I’ve been thinking a lot about writer’s voice lately, and realized that our writing voice can be compared to an opera diva’s voice. When she first begins to sing, the diva sings naturally, like anyone else, though her gift for singing may soon become apparent. Many people have lovely voices, perhaps even the potential to become divas, but the vast majority of them are content to simply sing for worship or pleasure, and their tunes touch the hearts of all who hear.
In contrast, the diva spends years studying, practicing, and learning new ways of projecting and using her voice. Its glory eventually thrills audiences. But all the training and coaching serves only to remove rough edges and distractions from her voice, allowing her truest, purest sounds to emerge. She still sounds like herself — her best, most polished self.
Lifestory writers may go through a similar process. We all begin by jotting down simple stories or letters, some with more natural polish than others. Most people who are primarily interested in leaving a written record of their lives for their families will be content with single drafts or simple edits, and their families will be thrilled with their efforts.
Some of us desire to hone our craft. We read, study, and practice new ways of presenting those stories to polish our technique. Years later, our words may flow like silk ribbons along the page, but our stories will still sound like we wrote them. We may avoid grammatical errors and distractions, and include more colorful descriptions, but they are still our stories, told the way only we can tell them. The longer we write, the more consistent and recognizable this voice becomes.
I know my friend did not intend to pass this story off as her own work, but even if she had, I would not have been fooled, because I know her voice.

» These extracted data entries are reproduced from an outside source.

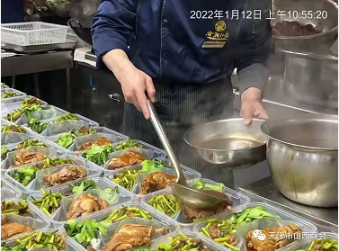 我商会会员企业渝湘江南自1月8日津南区发现首位感染者自封控起,发挥大型餐饮企业的优势,承担起为津南的抗疫一线医护人员送暖心饭菜的工作。他们注重蔬菜补充维生素、肉类补充蛋白质,注重营养配比均衡。饭菜打包、封口,保温箱进行保温,由专车配送,第一时间送往配送点。让一线医护人员吃饱吃好,为津门抗疫工作做出了贡献。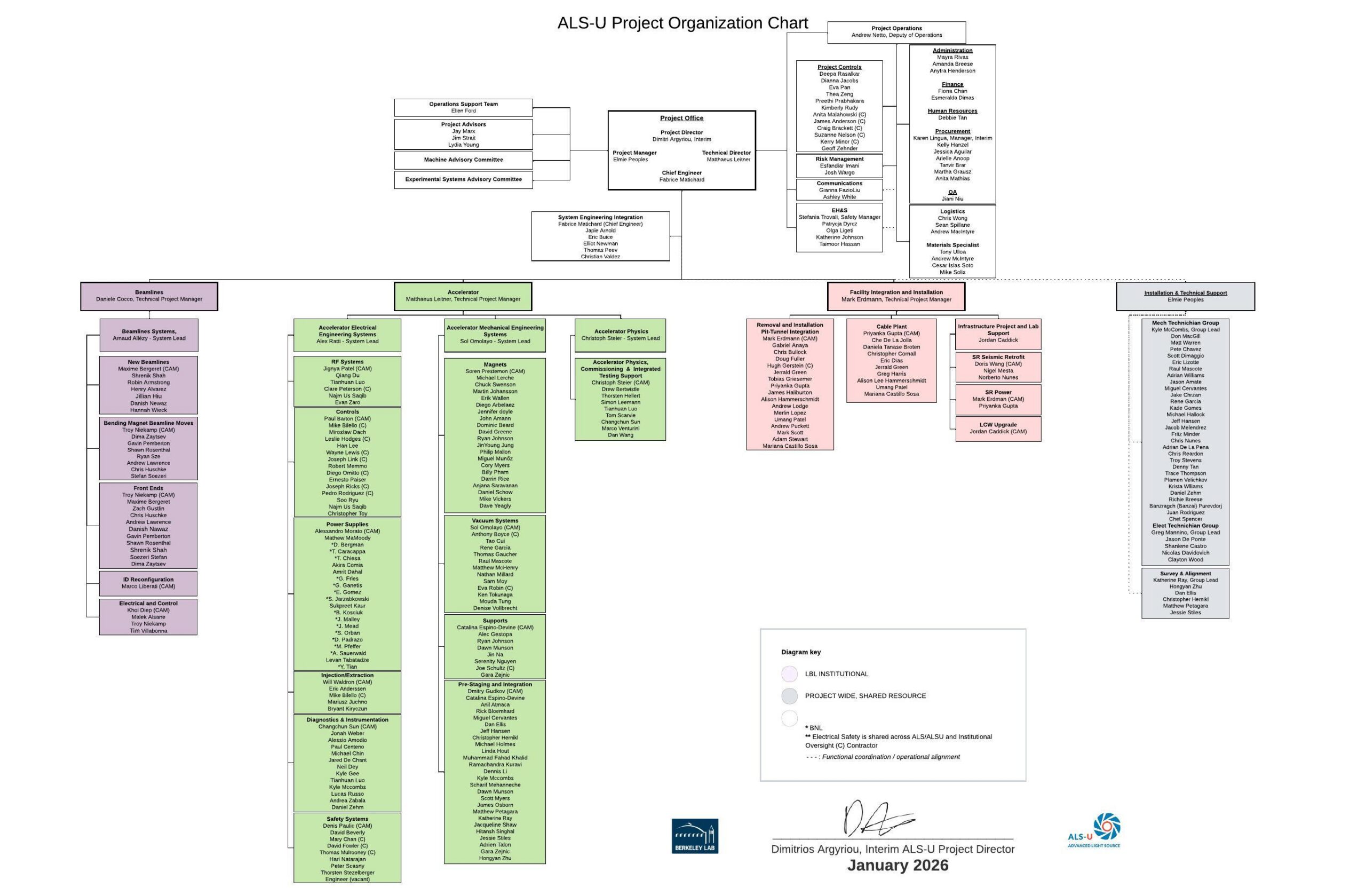 The ALS-U Project detailed organization chart, last updated January 2026. Click on the image to view a full-sized version.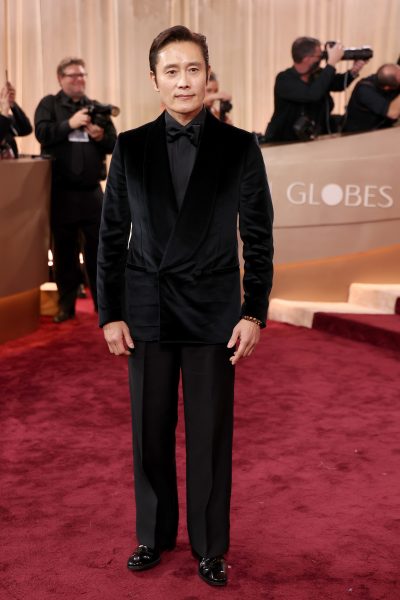 Golden Globe Award nominee Lee Byung-Hun, nominated for Best Actor in a Musical/Comedy (No Other Choice), wore a ZEGNA 2026 Red Carpet Collection velvet tuxedo jacket, silk tuxedo shirt, wool mohair trousers, and a silk bow-tie, all in black.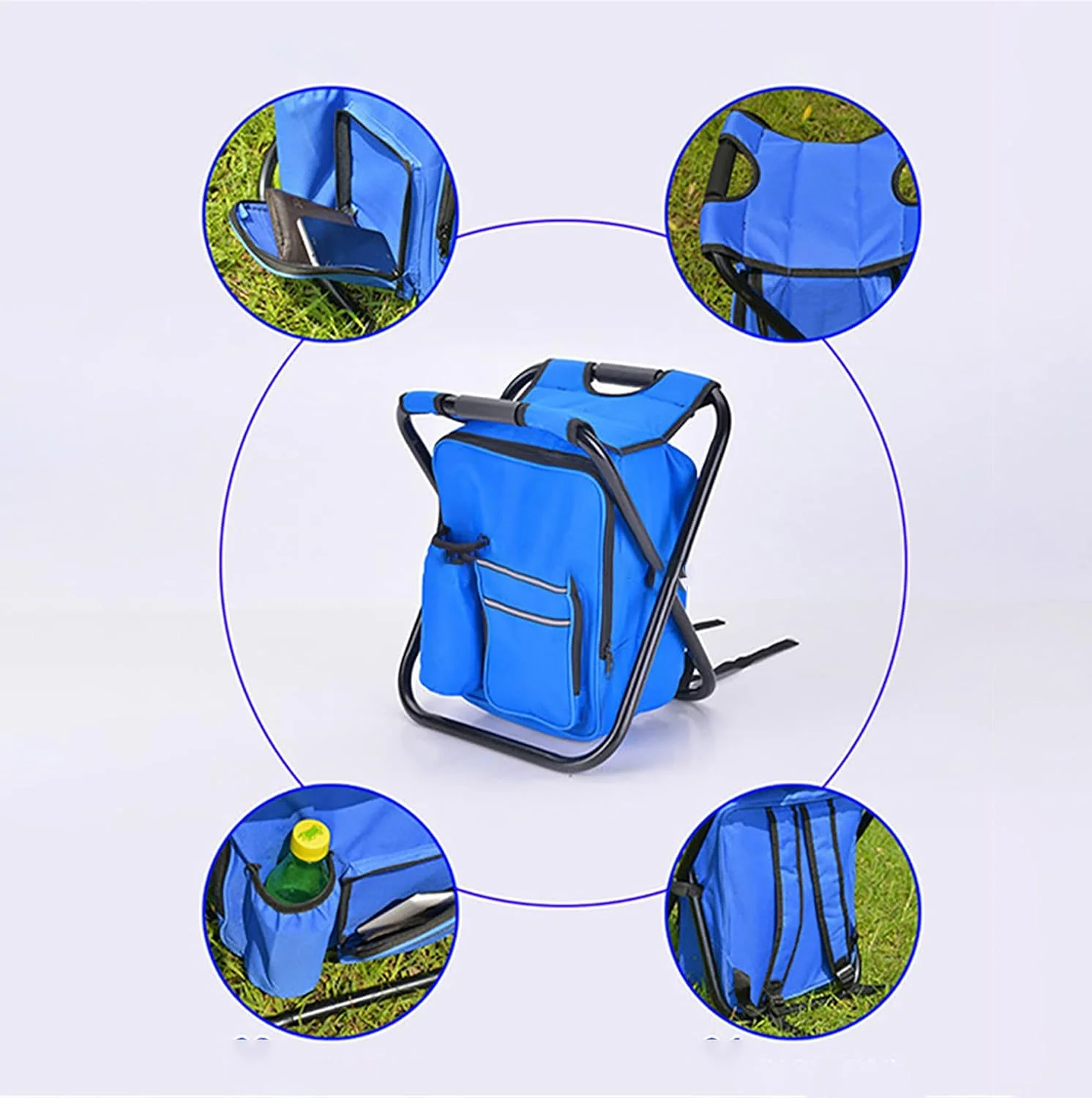 🎒 Esta mochila multifuncional destaca por integrar de forma práctica un asiento plegable y un compartimento refrigerante, ofreciendo una solución completa para disfrutar de actividades al aire libre con mayor comodidad. Su estructura está confeccionada en tela Oxford de doble capa con recubrimiento de PVC, lo que le otorga una alta resistencia al desgaste, protegiéndola de la humedad, el polvo y el envejecimiento, incluso con un uso frecuente y en condiciones cambiantes.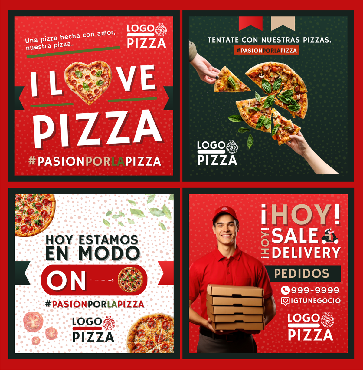 Plantilla Pizza Uno , diseño ideal para venta de Pizzeria / Restaurante. Edita textos, colores, imágenes y elementos fácilmente adaptando estos diseños a la temática de tu emprendimiento / negocio usando nuestras plantillas para Canva.

Beyond the matter of writer’s voice, this story raises a couple of points about sharing stories by e-mail:
- Sharing stories via e-mail is lots of fun, and an easy way to delight your family and friends. Pasting them into the body of the e-mail is fine, though they will be easier to save for posterity if you attach them as a document.Be sure to include a title, and be extra sure to include your name. I encourage you to enter your name as Copyright 2007, Your Name, or © 2007, Your Name.
- It’s fine to forward those cute anonymous stories that are caught in endless e-mail loops. But as a writer, you need to take extra care to make it clear you did not write the story yourself, or you may confuse people. My friend was in a hurry, and hit forward without adding a personal note or any sort of explanation. Simply listing “Author Unknown” at the bottom would removed any doubt.
I’ll be thrilled if someone eventually forwards one of my stories back to me from cyberspace, and I hope when that happens, my name is still attached. But if it isn’t, by that time I hope half the world will recognize the sound of my voice on paper.